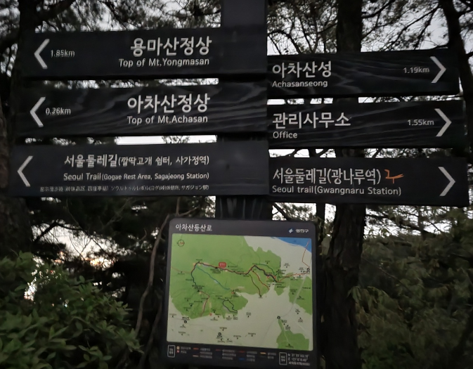 용마산을 연계해서도 많이 가지만 이번에는 아차산 3보루 까지만 가봅니다. We only go up to Mt. Achasan-3boru(아차산3보루) this time but many hikers go up to Mt. Yongmasan(용마산) over Achasan(아차산)
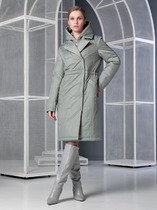 Пальто женское, прямого силуэта со смещенной застежкой на молнию (внутренняя) и кнопки. Линия плеча спущенная, рукав втачной одношовный. По переду карманы с личточкой. По спинке средний шов. Капюшон с центральной частью и отделочной деталью по отлету. В качестве отделки используется фурнитура и детали. Утеплитель- синтепон 150 гр.
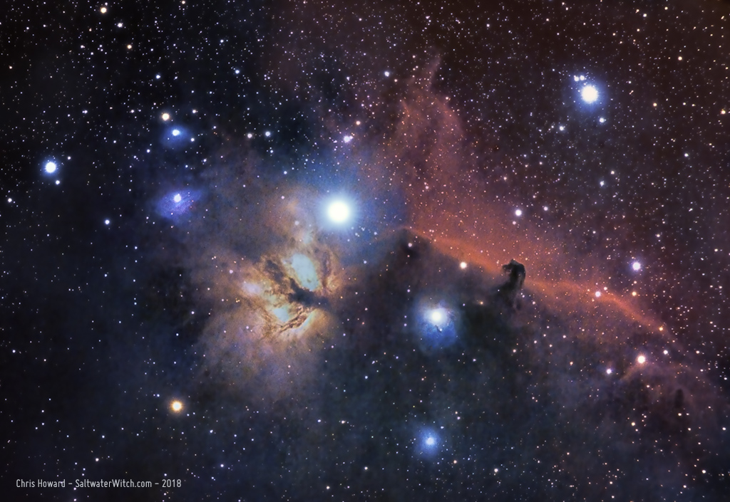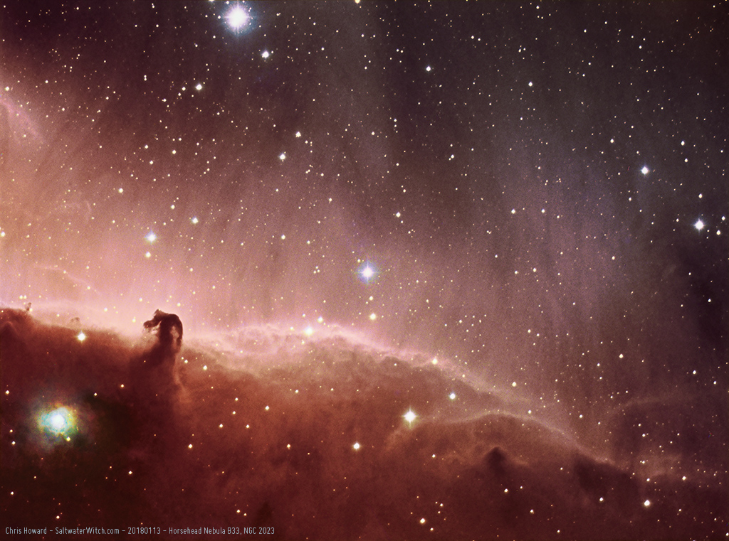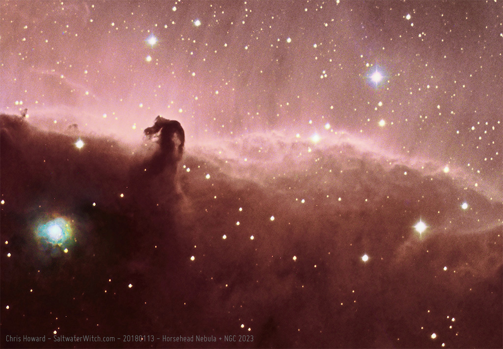 It's winter and that's when Orion is arguably the main attraction in northern hemisphere skies. HaRGB of the Horsehead Nebula (Barnard 33) along with the reflection nebula NGC 2023 (below and left), part of a whole neighborhood of nebulosity around the leftmost star in Orion's Belt, the blue supergiant Alnitak. (I kept Alnitak out of frame, but it would off to the left with a wider field of view). The Horsehead is an absorption (or dark) nebula about 1500 lightyears from Earth, and shows up so prominently because it's blocking most of the starlight behind it. (10 x 600 second Ha frames, 10 x 240 second RGB frames, 24 dark cal frames taken with an Atik414Ex mono CCD, William Optics GT-81 + 0.8x Field Flattener/Reducer f/4.7, iOptron CEM25P EQ mount, Astronomik 12nm Ha filter, Baader RGB filters, WO 50mm guide scope with ZWO ASI120S-MM guide cam, INDI/KStars/Ekos observatory control. Location: Stratham, New Hampshire, US. ~Bortle 4)
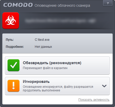 При попытке запуска файла производится облачная проверка его рейтинга и, если выявится рейтинг «вредоносный», этот файл будет заблокирован и удален в карантин (в конфигурации «Proactive Security»). Поведение CIS при обнаружении файлов таким с рейтингом может быть изменено.
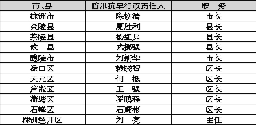 2024年株洲市市、县防汛抗旱行政责任人名单
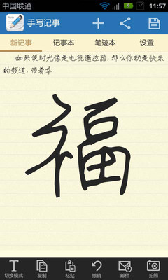 2)多种模式:提供文字、涂鸦、笔迹三种记事模式;
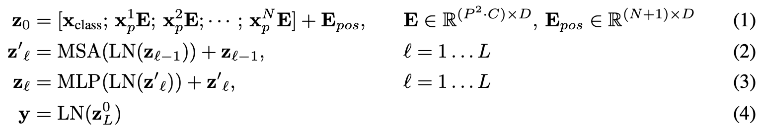 BERT의 [class] 토큰과 비슷하게, ViT의 저자들은 학습가능한 임베딩을 임베딩 된 패치들($\mathbf {z}_{0}^{0}=\mathbf {x}_{\text {class }}$)의 sequence에 추가하는데, 트랜스포머 encoder($\mathbf {z}_{L}^{0}$)의 output에서의 state가 image representation $y$로 역할을 하게 된다.
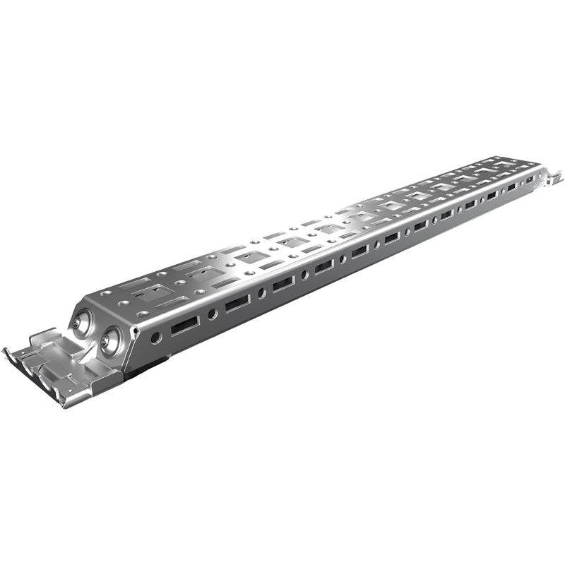 Pour le montage dans le coffret, sans perçage. Le montage s'effectue sur les bossages présents dans les coffrets au niveau de ses parois latérales, de sa base et de son toit. Dotés de deux rangées de perforations, ces rails fournissent une surface de montage supplémentaire pour p. ex. : rails de montage 14 x 39 mm, lampes pour armoires électriques, contact de porte, blocages de porte, supports de goulotte souple.
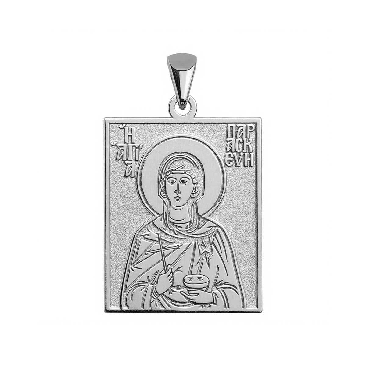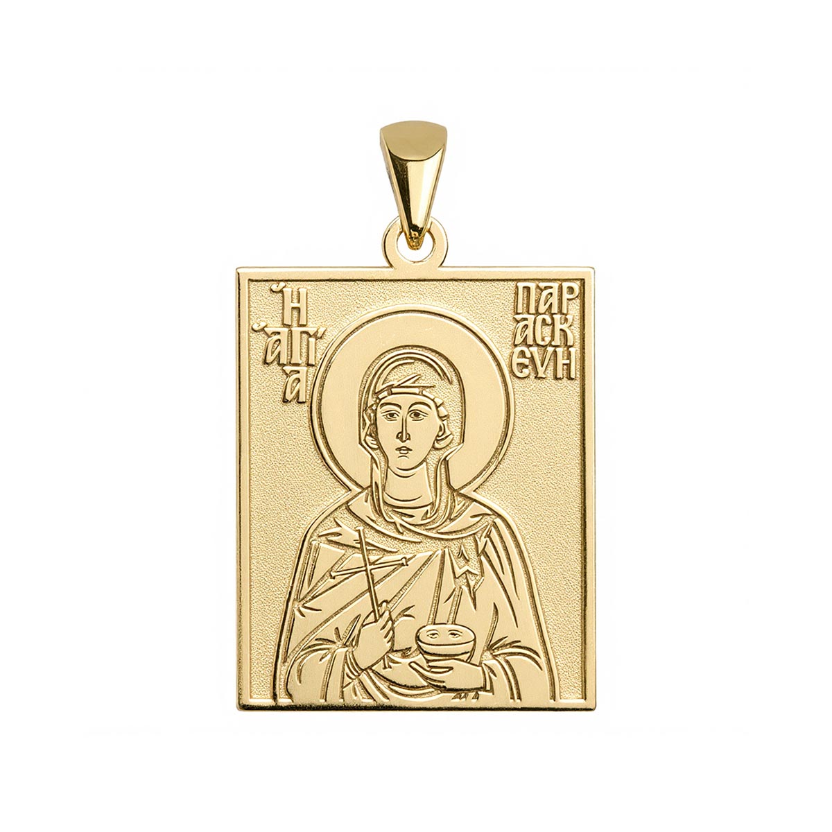 This highly detailed, historically accurate representation of the Greek Orthodox icon of Saint Paraskevi of Rome is engraved into a rectangular tag medal in the metal of your choice. Available with or without a chain, this piece makes for the perfect gift for yourself, or for a special someone’s name day! Saint Paraskevi of Rome was a Christian martyr during the reign of Emperor Antoninus Pius. Her name means "Friday" in Greek, and she is venerated for her chastity and miracles, particularly the healing of eye ailments.
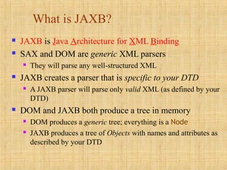 JAXB is a Java framework that generates Java classes from an XML DTD or schema. It allows Java objects to be converted to and from XML. The document discusses what JAXB is, how it works, and how to customize the generated Java classes through a binding schema. Key points include: JAXB generates classes specific to an XML DTD, it requires a DTD or schema as input, and a binding schema can customize how classes are generated to map XML elements to Java properties.
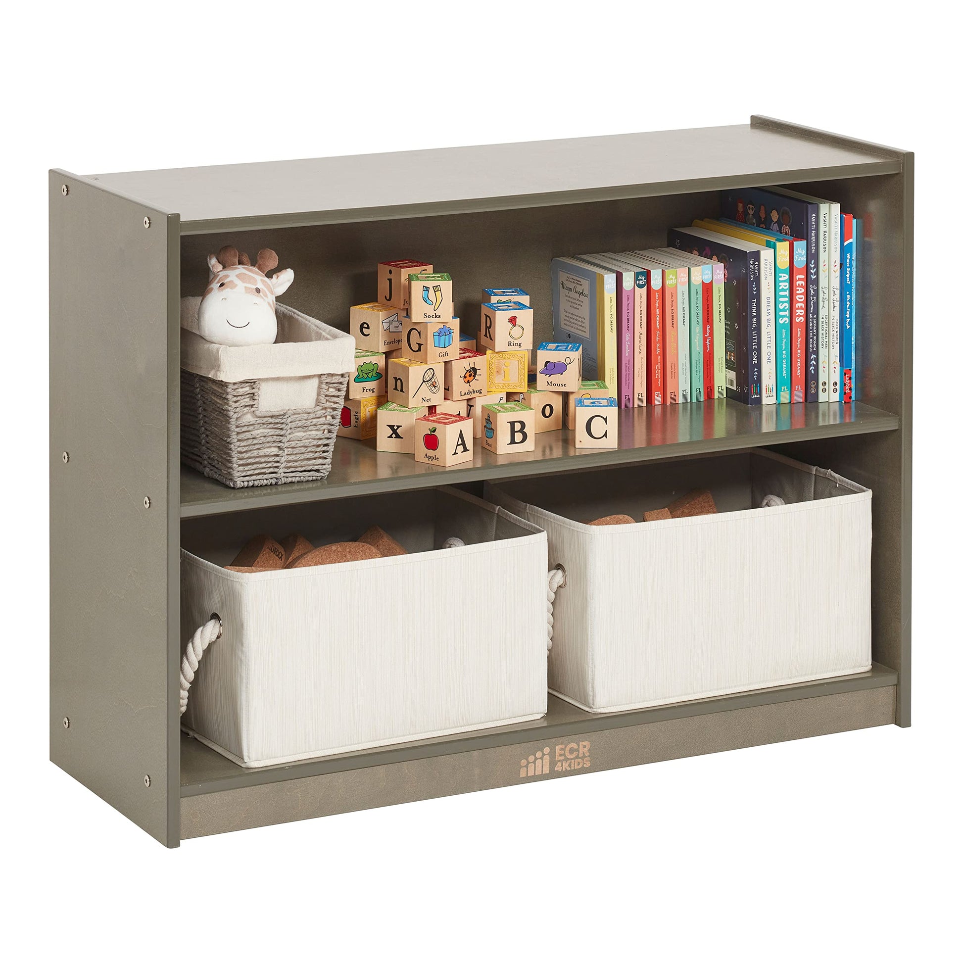 2-Shelf Mobile Storage Cabinet, Classroom Furniture, Grey Wash
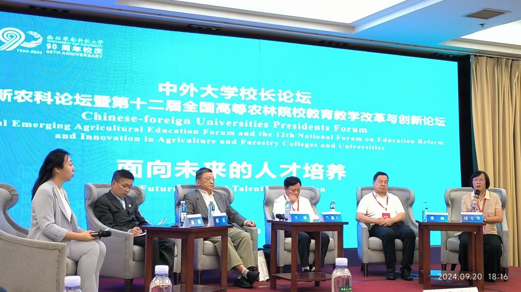 9月20日,在西北农林科技大学90周年校庆之际,在教育部高等教育司和陕西省教育厅的指导下,由全国新农科建设中心、中国高等教育学会高等农林教育分会主办,西北农林科技大学承办的中外大学校长论坛(2024年全国新农科论坛暨第十二届全国高等农林院校教育教学改革与创新论坛)在陕西杨凌举行。

━━━━━━━━

The task:
All lines above between the line that contains "2-Shelf Mobile Storage" and the last line of the entries, both included, must be transcribed exactly. No pictures are to appear.

Task result:
 2-Shelf Mobile Storage Cabinet, Classroom Furniture, Grey Wash
 9月20日,在西北农林科技大学90周年校庆之际,在教育部高等教育司和陕西省教育厅的指导下,由全国新农科建设中心、中国高等教育学会高等农林教育分会主办,西北农林科技大学承办的中外大学校长论坛(2024年全国新农科论坛暨第十二届全国高等农林院校教育教学改革与创新论坛)在陕西杨凌举行。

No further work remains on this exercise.